F. S. WRAY, proprietor of a cotton mill and a prominent cotton broker at Maud, is one of the most important business men of Pottawatomie county, an important factor in the cotton business. He came to the county in 1906 and opened his gin mill, which is well supplied with all the modern machinery known to the business, including a thirty-six power engine, and from the time the cotton is taken from the field until it reaches the consumer he has entire charge of the commodity. During the season of 1907 seventeen hundred bales of cotton were ginned and prepared at the Wray Gin, and in addition to this he also handled as a broker twenty thousand bales during the season.
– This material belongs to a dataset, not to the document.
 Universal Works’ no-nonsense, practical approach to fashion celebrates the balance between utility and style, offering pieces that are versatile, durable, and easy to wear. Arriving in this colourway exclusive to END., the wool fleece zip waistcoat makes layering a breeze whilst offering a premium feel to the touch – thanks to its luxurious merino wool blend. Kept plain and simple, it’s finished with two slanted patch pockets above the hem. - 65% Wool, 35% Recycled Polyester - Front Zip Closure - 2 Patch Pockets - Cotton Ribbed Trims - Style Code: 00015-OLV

    F. S. Wray was born in Shelby, Cleveland county, North Carolina, in 1877, a son of a prominent planter, stock dealer and business man of that state, G. W. Wray, of Shelby. He has been prominent in the business life of that community for over thirty years, and is one of its best known men. His father, W. H. Wray, was one of the early settlers of that part of the state. G. W. Wray married Sarah Suttle, a member of another of North Carolina's well known families, and they became the parents of seven children, four sons and three daughters, among whom was F. S. Wray, who was reared to manhood's estate in Shelby and received a good education in its common and high schools and in the University of North Carolina. For a time after leaving school he assisted his father in business, and finally came to Maud, Oklahoma, to take part in its business life, but he yet spends the most of his summers at his old home in North Carolina with his parents. His political affiliations are with the Democratic party, and fraternally he is a member of the Independent Order of Odd Fellows. He has made many friends in his new home in Oklahoma, his genial manner and straightforward business dealings winning him the confidence of all.
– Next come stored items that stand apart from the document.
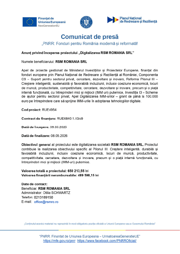 RSM Romania anunță oficial începerea proiectului „Digitalizarea RSM ROMANIA SRL", finanțat prin Planul Național de Redresare și Reziliență al României. Proiectul, în valoare totală de 650.213,55 lei, primește o finanțare nerambursabilă de 489.598,15 lei prin programul dedicat digitalizării întreprinderilor mici și mijlocii.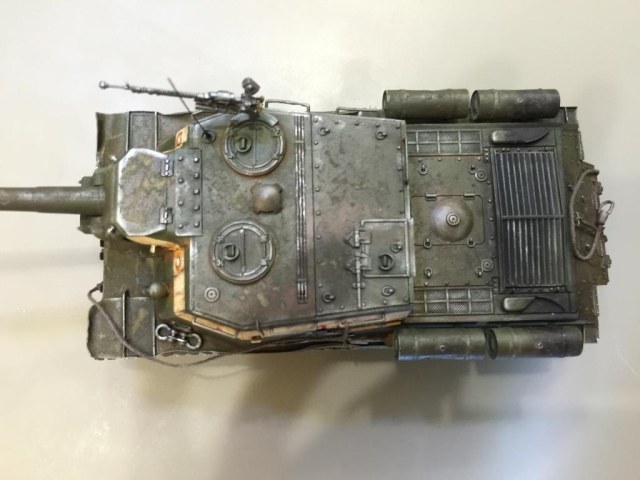 Грунтовал грунтовкой от Тамии, красил Акрилом от Звезды,смывал тамиесвкой черной смывкой,подтеки и следы ржавчины делал Миговской химией,пигменты от Мастер-Пигмент. И, наконец, голова от плеч, руки из-под мышек.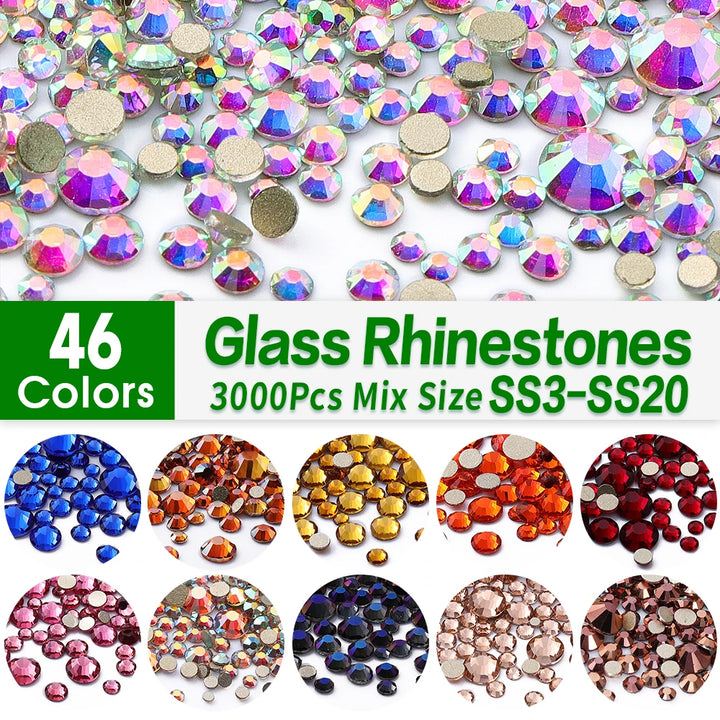 3000Pcs Mix Size SS4-SS20 Clear Crystal Rhinestones

PROFESSOR N. M. SOWDER, superintendent of the McLoud public schools, is one of the best known educators in Pottawatomie county, keenly alive to the educational interests of the people, and has been instrumental in organizing the High School and in advancing the cause of the McLoud schools in general along all lines. His identification with school work as teacher and superintendent covers a period of fifteen years, and in that time he has taught in Missouri, Kansas and Oklahoma. He is author and inventor of a book, pending publication, entitled "Concrete Arithmetic," a new method of science in mathematics, working all problems embracing either subtraction or division, or including square and cube root, solely by addition. The manuscript contains about 200 pages print.
    He was born near Maryville, Nodaway county, Missouri, March 22, 1874, a son of Abram Sowder, one of the early settlers and leading business men of that city. The latter was born at Brownstown, Indiana, in 1842, and during the Civil war he served as a brave and loyal soldier. He married Anna Walker, who was born in Lyons, New York, and in 1866 they moved to Pickering, Missouri, where Mr. Sowder was a successful laborer until his death at the age of sixty-six years, dying on the 20th of February, 1908. He was a member and deacon of the Christian church, and a loyal Republican, politically.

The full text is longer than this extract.